Sunday, February 20, 2011

The Rose Labyrinth

The title: The Rose Labyrinth
The author: Titania Hardie
Publication: Atria, 2008
Got it from: Amazon, 2009

Explaining the plot of this book is almost impossible, but I'll give it a shot. It's been described as a sort of feminist Da Vinci Code, involving papers belonging to Queen Elizabeth's I's astrologer, John Dee. It involves a family called the Staffords, who are directly descended from Dee, and a woman named Lucy King who is awaiting a heart transplant and becomes involved in the Staffords' lives. It took me awhile to figure out just what the heck is going on. At first there's a long section with Will, the younger Stafford son and his visit to France and it was some time before I realized that Lucy's doctor was Alex, Will's brother. Anyway, I don't think I'm giving too much away when I say that Will makes a sudden and swift exit early on in the plot but re-emerges (sort of) later on, when Lucy gets her heart transplant. (Cough). Then there's a developing romance between Lucy and Alex, who undertake to finish Will's quest.
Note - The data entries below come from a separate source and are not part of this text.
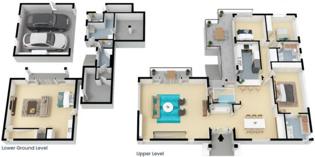
Lower Ground Level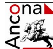
Municipality of Ancona Lead partner (IT) www.comune.ancona.it

-Fundación Comunidad Valenciana-Región Europea: is a non profit organization under the protection of the Valencian Regional Government. Its aim is to encourage the participation of all the sectors of the Valencian Region in the European Union's policies and to spread a better knowledge of these policies in the Valencian society.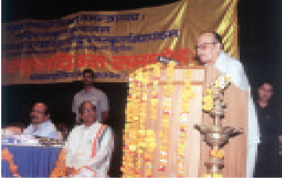
Hon'ble Minister of HRD Shri Arjun Singh ji addressing on the occasion of Sanskrit Diwas Samaroha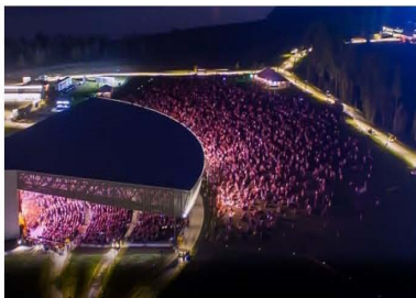
St Joseph's Health Amphitheater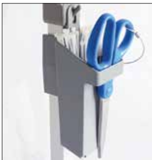
Cable-tie holder for Longopac Stand Classic Standard, grey. Item no. 30410

Metal-detectable, blue. Product no. 30416 The cable-tie holder speeds up bag changes even more and holds the cable ties in place. Suitable for both Maxi and Mini, and available in two versions.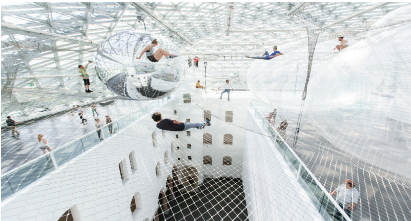
Fig. 4: Tomas Saraceno, In orbit, Kunstsammlung Nordrhein-Westfalen, Düsseldorf, 2016.

I think the many, many bad reviews on the Amazon UK sight are correct. This book is dreadful. The romance part of this book was okay. I'm not generally against doctor-patient romances, so I could live with this one. But none of the characters were very likable. As somebody pointed out, all the women are beautiful and fragile and courageous and all the men are tall, handsome and brooding. Without actually developing any personality.

And the mystery/suspense part? Ghastly. First of all, everything is written in purple prose, long flowery sentences empty of meaning. The characters all spout long, convoluted sentences about esoteric wisdom and other gobbly gook that's impossible to follow. Pages and pages of it, on and on, without there ever being anything exciting like car chases or mortal peril. And they kept throwing out new ideas that never went anywhere. I would read something and think, "Okay, this is what the book is about." Then I'd read something else and think, "No, okay, this is what the book's about." I kept waiting for that a-ha moment when suddenly it would all come together and I'd see the big picture, but that never happened. Instead, I just heard endless things about Chartes cathedral, the wisdom of hearts, the number 34, the Rapture, mythical and Biblical allusions, Shakespeare, the Wizard of Oz (seriously) and on and on.
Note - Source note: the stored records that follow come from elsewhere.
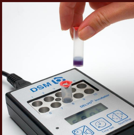
Read sample after recommended time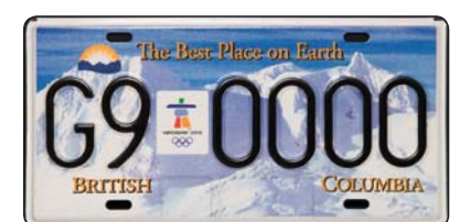
FARM TRUCK 2010 WINTER GAMES (RS066)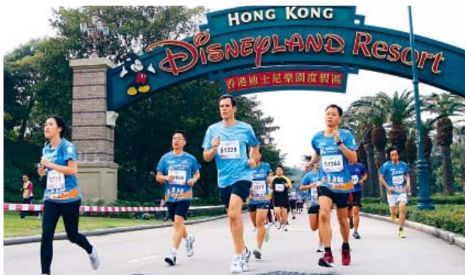
■Fully supported by the Hong Kong Disneyland Resort, the Charity Run will take place at the Hong Kong Disneyland Resort and Sunny Bay, where runners can enjoy magnificent scenery along the route.

And yet, weirdly, I didn't hate this book. I kept feeling there was a good book in there somewhere, with a re-write and 150 pages or so chopped out and, you know, an actual point. I'm the first to admit I love when authors assume you're smart and don't spell things out to you, but these opaque "riddles" the author kept handing out would probably remain opaque if you sat there for ten years thinking about them, because they make about as much sense as the Muppet's Swedish chef. I've spent three months reading this book on and off and all I can say is - don't.